Emerging stocks extended gains yesterday and were set for their biggest weekly rise in more than a month though weaker oil prices forced a pause in Russia’s roaring rally and saw bets rise against the Saudi riyal.
Emerging markets (EM) have benefited from the conviction that US interest rates will rise very gradually. Many also see many emerging assets as cheap enough to warrant interest and China unlikely to descend into crisis.
Citi strategist Luis Costa noted that short-dated US yields had already repriced significantly, with 2-year yields up more than 30 basis points in the past month. Fed officials have also been hammering home the gradual rate rise message.
“This is making markets comfortable, if US short-term rates don’t sell off further we could see more retracement (in EM assets),” Costa said. “But there will be pockets of weakness; the price action is ignoring what’s happening in commodities.”
MSCI’s EM equity index touched two-week highs, up 2.5% this week. Most currencies too will end the week with gains, with China’s yuan edging up on suspected dollar sales by state-run banks.
That stabilisation effort came a day after Reuters reported the yuan could enter the International Monetary Fund’s currency basket at a lower weighting than expected.
But inclusion will be hugely positive for China, with BNP Paribas calculating that in six years, the yuan could comprise 4.7-6.7% of global reserves, implying up to $110bn worth of annual yuan buying.
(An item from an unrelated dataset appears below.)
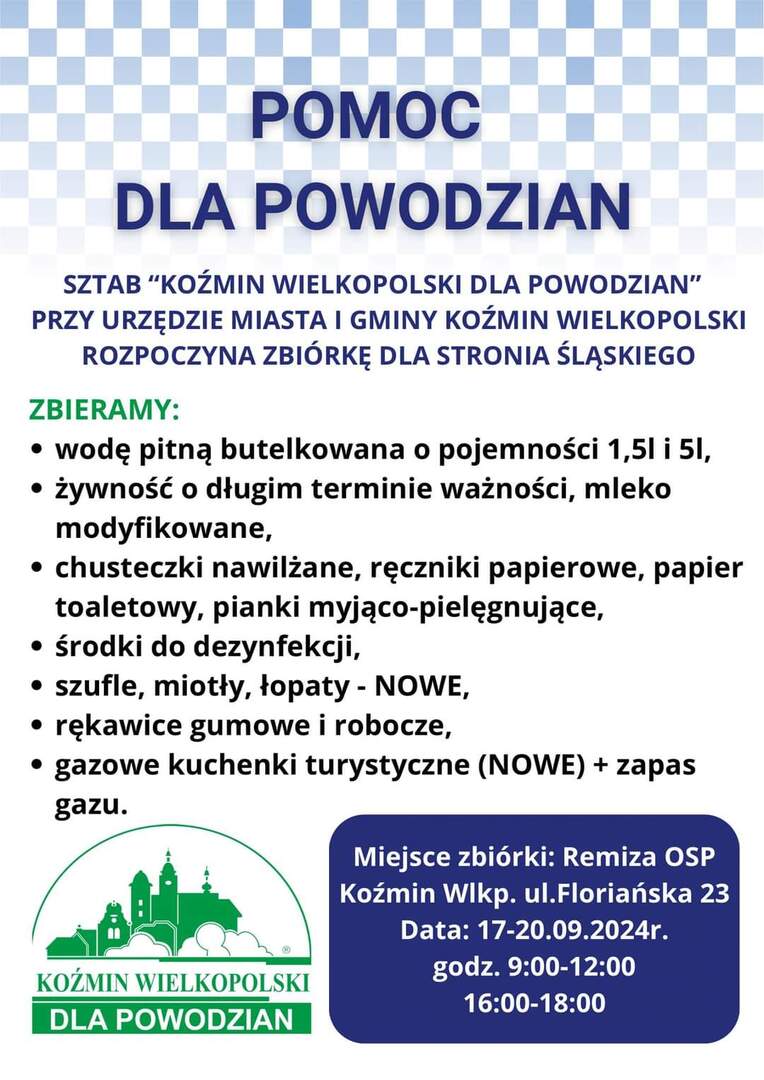 Wraz z Miasto i Gmina Koźmin Wielkopolski , szkołami oraz innymi instytucjami z terenu naszej gminy włączmy się w akcję pomocy potrzebującym i poszkodowanym w wyniku powodzi na południu Polski.

Elsewhere, commodity prices weighed. As oil inched lower, Russian stocks retreated from nine-month highs, hit this week on hopes that rapproachement with the West over Syria could lead to the rollback of sanctions.
The rouble fell 0.7% against the dollar but is up 3% this week but Russian local OFZ bonds extended gains, with 10-year yields at new one-year lows. Costa said he recently took profit on OFZ trade but will use market pullbacks to build up positions.
“Some months ago with this level of oil prices, yields would have been higher,” he said. “Russia’s macro looks ... stable in the short-term with potential for disinflation which makes people keen to play fixed income.”
There were new signs of stress in Saudi Arabia where one-year dollar/riyal forwards rose back to 12-year highs as investors hedged against the risk of riyal devaluation.
The riyal is pegged to the dollar around 3.75 and authorities have pledged to hold the peg. They have enough reserves to do so but low oil prices and fiscal deficits may put pressure on that promise.
“External speculative pressure on the peg is mounting and this cannot be ignored,” Scotiabank analysts told clients. “The recent surge in dollar/riyal forwards suggests a rise in concern about the peg and future path of the riyal.”